Zapata's Tex-Mex Restaurant celebrated it's fourth anniversery a couple of weeks ago. In the U.S., restaurants send out coupons in the Sunday paper for free appetizers or souvenier drink glasses when they have an anniversary. In Suzhou, for its anniversery, Zapata's threw a party. A really, really good party.
Zapata's is like no other place I've ever been in. It's a cross between Sam Malone's bar in Cheers and Rick's Cafe Americain in Casablanca. For those who live near Jinji Lake, it's the neighborhood hangout where you can go when you don't feel like cooking. You walk in the door and everybody knows your name. You can get a pizza or a burger or fajitas or whatever comfort food you're craving. And as you take a bite, you close your eyes, and it feels just like you are back at home. Then, when you open your eyes, you can look around the tables and see (and hear) a clientele that looks like a plenary session of the United Nations - Swedes, Aussies, Brits, Chinese, Russians, Americans, Finnish, Chileans, Germans, French...
Milton is the managing owner of Zapatas - a Florida boy who knocked around Asia for several years before buying into the Suzhou restaurant business. He is the gentleman in the DJ's booth in the photo at top. Milton turned around a struggling, if not failing, operation by following a very simple rule - talking to his customers and working very, very hard to give them what they wanted. To the point where his patrons actually participate in the business. For example, every Sunday is a barbeque that is coordinated by an expat from Texas. Every Thursday is quiz night, organized by quixotic Brit named Duncan.

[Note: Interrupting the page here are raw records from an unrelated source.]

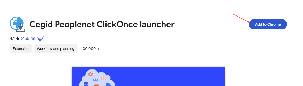 En dernier recours si cela ne fonctionne toujours pas, installer l'extension Cegid Peoplenet ClickOnce launcher sur les postes qui posent problème. Pour ce faire, cliquer sur le lien suivant : Cegid Peoplenet ClickOnce launcher - Chrome Web Store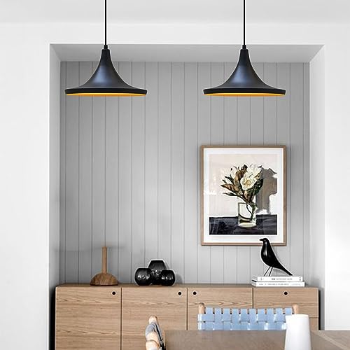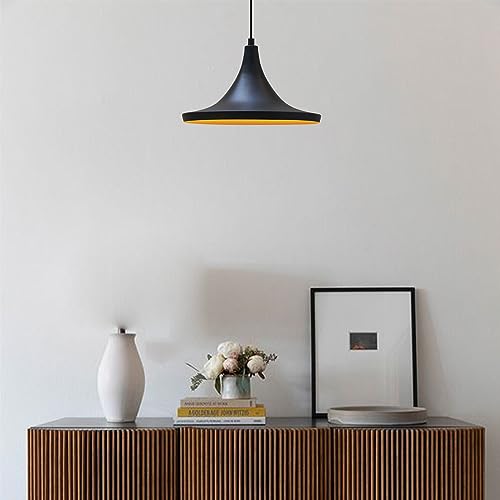Bamyum Genisy Lampada a Sospensione 31 cm Lampada a Sospensione Metallo E27 Moderna Lampada da Tavolo da Pranzo per Interni, Camera da Letto Soggiorno Cucina, Lampada da Cucina Nera a Sospensione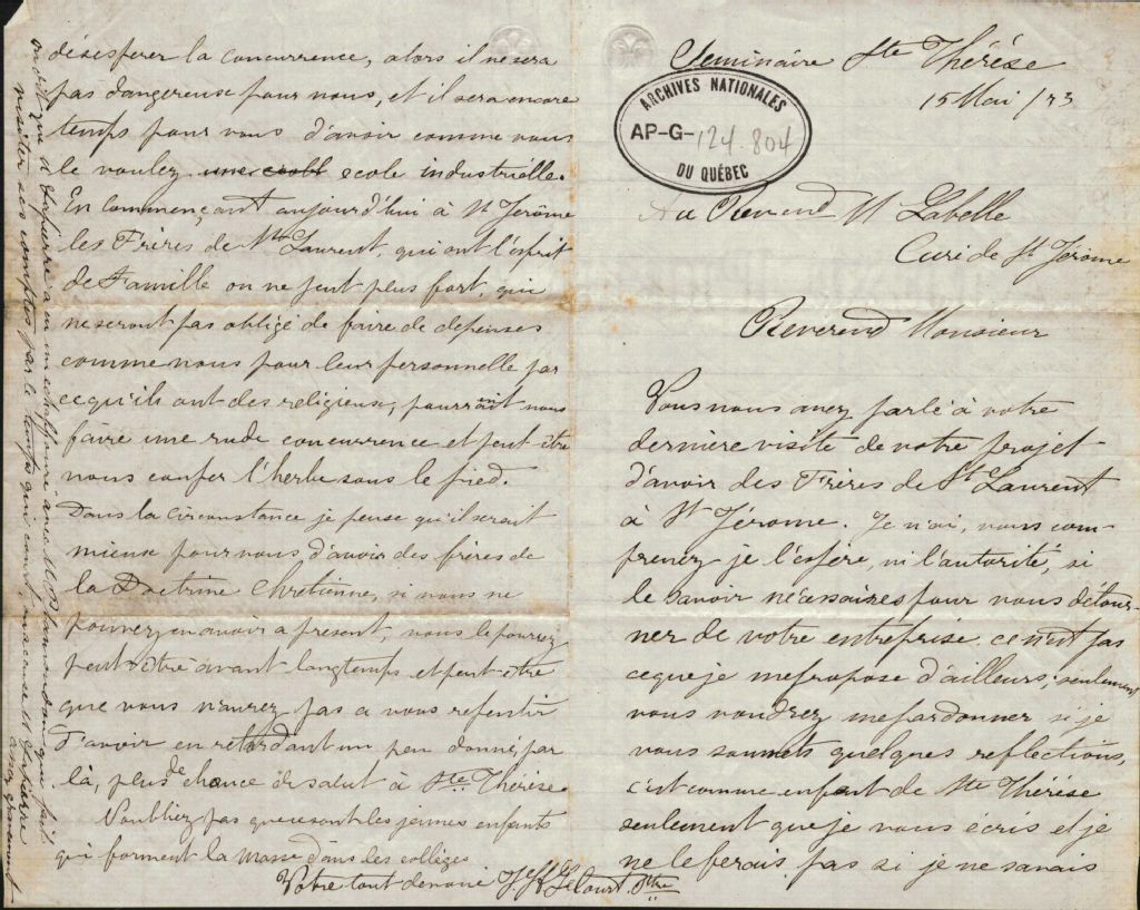 Lettre du révérend M. H. Lecourt au révérend Antoine Labelle, 15 mai 1873, Archives nationales à Montréal, Fonds Antoine Labelle, (06M,P774,S1,D356).

For the anniversary party, Milton invited all the regulars for an hour of free drinks. He also hired some traditional Chinese Lion Dancers to entertain the crowd. The photos do not do the Lion Dancers justice. They snaked their way through the crowd as they danced and performed acrobatics to the beat of their drum corps.
The photo below would be the drum corps.
The main bar at Zapata's features retractable railings - railings that can be extended so the bar can be used stage for dancing. The original owners intended the place to be a dance club....a concept more suited to Shanghai and it's younger crowd than to Suzhou's typically middle-aged expat community. Normally, the railing stays lowered. But on anniversary night, the railings were extended and the bar became a stage. The customers become performers. The group below is just getting started in a rendition of the YMCA. That's right...the Village People version of the YMCA from the 1970s. It may not be "cool", but it was fun.
Below is a photo of Theresa with two of the key characters in our story. At right is Milton, the managing owner of Zapata's. At left is Duncan, the host of the Thursday quiz night and the guy who is always there...part employee and part patron.
The place was rocking until the wee hours of the morning. We left relatively early at about 1:00am (which is super late for us) with another couple that lives in our apartment building. At 1:00 am in the morning, it was mostly quiet in Suzhou but not totally quiet. The welders and steelworkers were still hard at work high up in the pair-of-pants construction site. The taxi drivers were washing their taxis with water dipped by the bucket from the fountains outside the apartment complex. The night watchman for the apartment complex was sleeping peacefully at his chair in the guardhouse. we were able to sneak through the open gate without waking him.